A majority of the 4th Circuit agreed with Maryland, holding that the weapons it forbade were sufficiently similar to M-16 rifles to fall outside the ambit of the Second Amendment.
“Whatever their other potential,” the court wrote, these weapons “are unquestionably most useful in military service. That is, the banned assault weapons are designed to kill or disable the enemy on the battlefield.”
“The next effect of these military combat features,” the majority concluded, “is a capability for lethality—more wounds, more serious, in more victims—far beyond that of other firearms in general, including other semiautomatic guns.” . . . . It is a weapon of war, not the tool of self-defense envisioned by the Heller court.
Although the majority held that these weapons fell outside the scope of the Second Amendment altogether, it also noted, as an “alternative basis,” that even if the amendment applied, the Maryland law would still be constitutional. Since the law does not “effectively disarm individuals or substantially affect their ability to defend themselves,” it would only be subject to intermediate scrutiny if the Second Amendment applied. And the law meets that level of scrutiny because it is “reasonably adapted to a substantial governmental interest.”

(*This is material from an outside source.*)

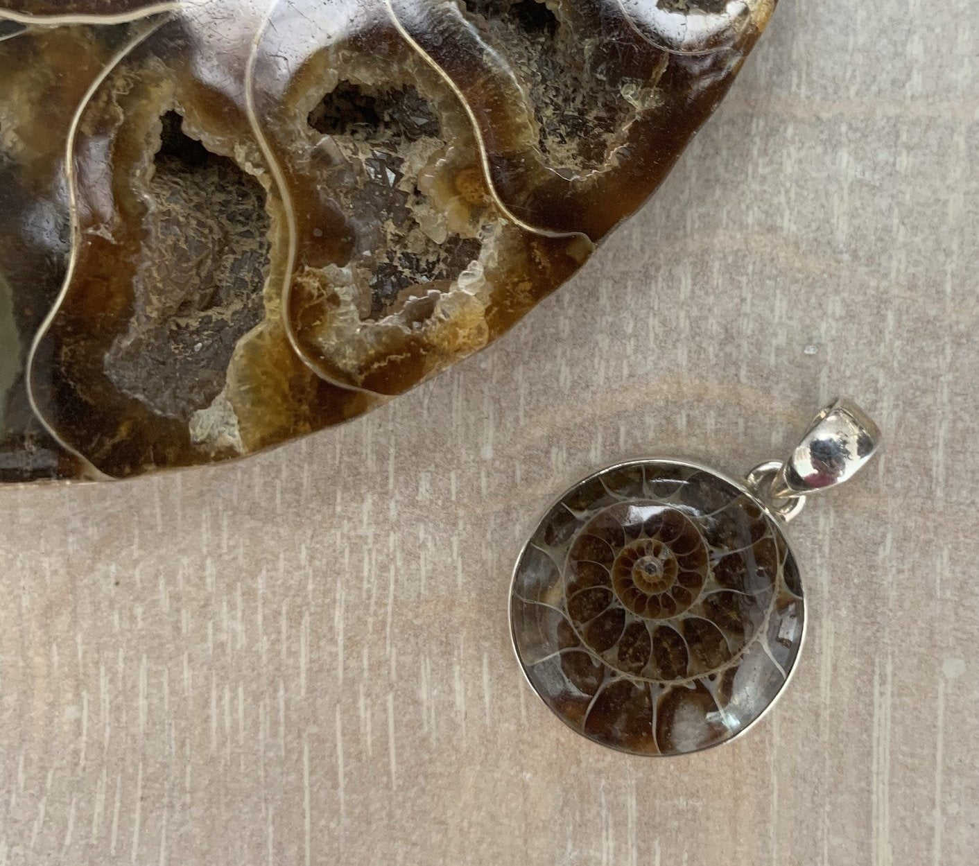 This Polished Ammonite and Sterling Silver pendant was hand picked for its high vibration, quality craftsmanship and resonating beauty.

The most striking part of Tuesday’s decision is a concurrence written by Judge J. Harvie Wilkinson III, a Reagan appointee. Wilkinson joined the majority opinion, but he wrote separately to express his discomfort with the gun lobby’s strategy of using the courts to increase access to dangerous firearms:
As Heller recognized, there is a balance to be struck here. While courts exist to protect individual rights, we are not the instruments of anyone’s political agenda, we are not empowered to court mass consequences we cannot predict, and we are not impaneled to add indefinitely to the growing list of subjects on which the states of our Union and the citizens of our country no longer have any meaningful say.
Wilkinson also criticized the dissenting judges, as well as the plaintiffs in this case, for attempting to take gun regulation out of democratic sphere almost entirely.
His panegyric to judicial restraint with regard to Second Amendment interpretation is quite moving:
Disenfranchising the American people on this life and death subject would be the gravest and most serious of steps. It is their community, not ours. It is their safety, not ours. It is their lives, not ours. To say in the wake of so many mass shootings in so many localities across this country that the people themselves are now to be rendered newly powerless, that all they can do is stand by and watch as federal courts design their destiny—this would deliver a body blow to democracy as we have known it since the very founding of this nation.
In urging us to strike this legislation, appellants would impair the ability of government to act prophylactically. More and more under appellants’ view, preventive statutory action is to be judicially forbidden and we must bide our time until another tragedy is inflicted or irretrievable human damage has once more been done.
I may be dating myself, but Wilkinson was a young professor at the University of Virginia School of Law when I was a law student.